Nonetheless, Hall remained positive and misconduct free in anticipation of being released to general population at his next PRC review. Id. ¶ 41. However, at his September 2008 review, Hall "only received a six month time reduction with a disciplinary custody expiration date of January 29, 2010." Id. ¶ 42. Defendant McMillian advised Hall he would be released from the RHU at his next PRC review if he remained misconduct free. Id. ¶ 43. "Plaintiff explained desperately to defendants Varano and McMillan that plaintiff had been experiencing some problems from the RHU staff because of his complaining and grieving the lack of meaningful law library access and the officer's actions in denying plaintiff yard, showers, and other entitlements." Id. ¶ 44. He feared that if forced to remain in the RHU, he would stand out in the small group of RHU inmates, and staff "may try to punish plaintiff by issuing him fabricated misconducts." Defendant McMillan overlooked Plaintiff's concerns. Id. ¶ 45.

The day before Hall's next PRC review, he received two fabricated and retaliatory misconducts from different RHU staff members. Id. ¶ 46. As a result of these misconducts, Hall received 90 days' additional disciplinary custody time. Id. ¶ 47.

At his PRC review, McMillian advised Hall that if he remained misconduct free for ninety days he would formulate a plan for his early release from the RHU. Although Hall attended his next monthly PRC review misconduct free, defendant McMillian raised the bar for Hall's early release from the RHU by requiring him to maintain satisfactory block reports in addition to remaining misconduct free. Id. ¶ 49. Frustrated by this "entire ordeal," Hall filed a complaint with the Secretary of the DOC. Id. ¶ 50. Plaintiff was finally released from SCI-Coal Township's RHU in June 2009. Id. ¶ 51.

Hall claims that his punitive confinement in the RHU "for all those years hindered" him from obtaining meaningful access to the courts resulting in his untimely filing of his federal habeas corpus petition.*fn2 Id. ¶ 52. Hall states he was denied sufficient time in the RHU law library as well as adequate legal assistance during his prolonged RHU DC status. Id. On February 2, 2005, after filing a pro se state post-conviction petition, Hall was assigned counsel who filed an amended petition but concluded his representation on Hall's behalf on October 31, 2007, when the state-court petition was denied. Id. ¶¶ 54-55. Counsel suggested that Hall had one year in which to file his federal habeas petition. Id. ¶ 56.

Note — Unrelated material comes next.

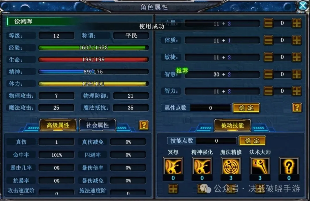 核心属性:游戏里有力量、体质、敏捷、智慧这些属性,对魔法师来说,智慧就是灵魂。这个属性直接提升魔法攻击、法术抵抗,是输出的根本。我建议主加智慧,把这属性点满再说。要是觉着自己太脆,容易在战场上“蒸发”,那就分少量属性给体质,加点血和防御。活着才有输出,这个道理在哪个战场都适用。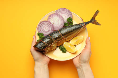 One appetizing cold-smoked mackerel lies on a yellow background.

During his RHU incarceration at SCI-Coal Township from May 14, 2007, through June 2009, Hall actively litigated as many as seven legal actions. Id. ¶ 60. When permitted to attend the RHU law library, Hall attempted to research the statute of limitations but was unable to understand the legal jargon surrounding the tolling periods and the procedures to file a habeas petition. Id. ¶ 57.

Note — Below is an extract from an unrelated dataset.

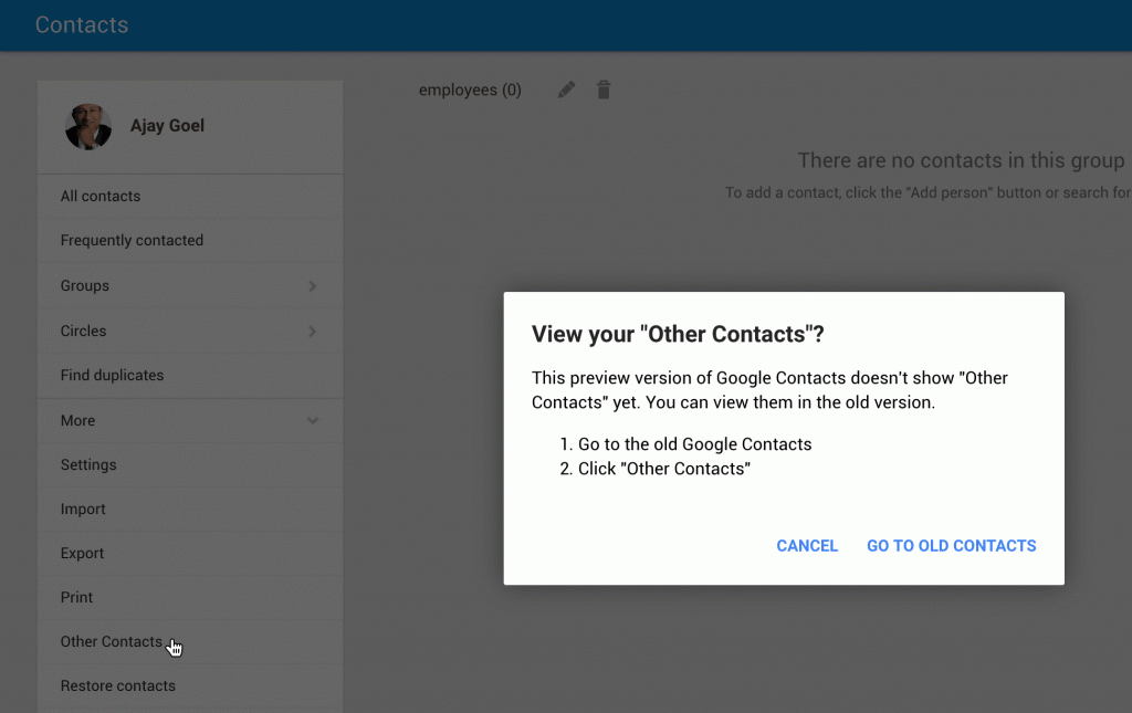 - Alternatively, you can launch Google Contacts in a separate window by going to https://www.google.com/contacts in a separate browser window. This is the least preferred method.

In June 2007, Hall sent request slips to defendant Richy requesting access to the law library. At that time he began receiving, on average, two hours of RHU law library access a week which he "was discontent with and therefore began to complain about it." Id. ¶ 63. When he asked defendant Richy for more time in the law library he was told he "would have to wait his turn like any one else." Id. ¶ 65. Plaintiff then asked defendant Moyer about receiving more time in the law library and was advised he would look into it. Id. ¶ 66. In late August 2007, after requesting additional time in the library from Sgt. Fogelman, Hall was scheduled to attend multiple sessions in law library each week. Id. ¶ 68. Moyer later rescinded his priority access to the law library, telling Plaintiff "he could cry to whom ever he wanted to about" it. Id. ¶ 69. Hall commenced giving his law library requests to defendants Butts and Batiuk. Id. ¶ 70. After inquiring why he was not scheduled for the law library, these officers denied ever receiving any requests from Hall. Id. ¶ 71.

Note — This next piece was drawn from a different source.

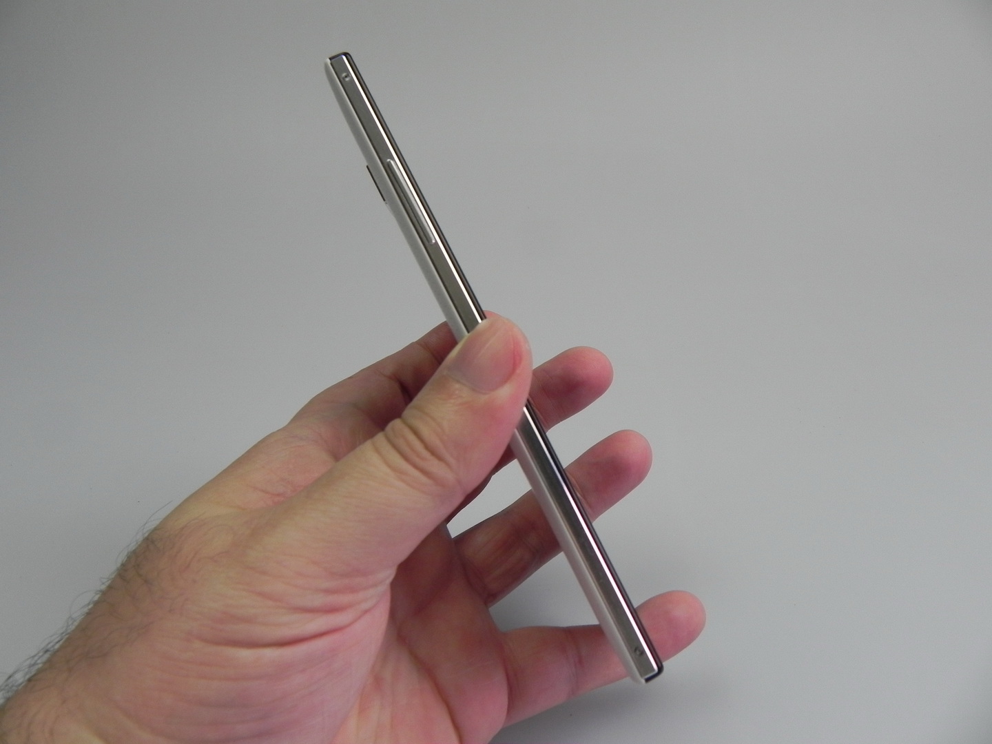Announced in April 2014, the handset was launched commercially in September 2014. We’re dealing with a phablet that measures just 6.9 mm in thickness and weighs 145 grams. The product comes in black, white, rose red or blue and it has a rectangular and tall/narrow design. Its grip is good and the facade is a bit of a fingerprint magnet.

Plaintiff's attempts to have Supt. Piazza intercede on his behalf and allow him additional law library were unsuccessful. Id. ¶ 72. Up to this point, Plaintiff was receiving legal assistance from random inmates who passed through the RHU. Id. ¶ 76. However, at one point Hall found a particular RHU inmate he believed would be helpful in filing his habeas petition. Plaintiff's requests to be scheduled for the law library at the same time as this other inmate were denied. Id. ¶¶ 75-77. Several weeks passed and Plaintiff learned that the Pennsylvania Supreme Court had denied his request for post-conviction relief. Id. ¶ 80.*fn3

After returning from one of his ATAs,*fn4 Hall gave request slips to Leonard, Mcannaney and Fogelman, seeking access to the RHU mini law library. Id. ¶¶ 88-93. He also filed a grievance concerning his lack of adequate access to the law library. Id. ¶ 92. After these events, Hall was then granted "an extra visit or so" for a couple of weeks. Id. ¶ 95. However, because of his numerous legal actions and "the overwhelming research that had to be done" for his habeas petition, "plaintiff continued to badger defendant McMillan and Varano about gaining jailhouse lawyer assistance and additional law library access." Id. ¶ 101. In March 2008, Hall was "still receiving only 2 hours a week in the law library." Id. ¶ 103. For a brief period of time, due to the intervention of a DOC Assistant Counsel, Hall received "five (6) hour stretches weekly" of law library access. Id. ¶ 106. Defendant Burns terminated these extended sessions at the direction of Varano who later denied ever giving such an order to Burns. Id. ¶ 111.

Defendants Leonard, Ferretti, Betz, Batiuk and Burns then began covering up the names of inmates who signed up for access to the RHU mini law library so Hall could not ascertain the names or frequency of other inmates utilizing the RHU law library. Id. ¶ 112. Hall claims defendants Burns, Betz and Ferretti falsified the RHU law library log to reflect Hall was given more than "the minimum amount afforded to an inmate" in the law library when he was not. Id. ¶ 114.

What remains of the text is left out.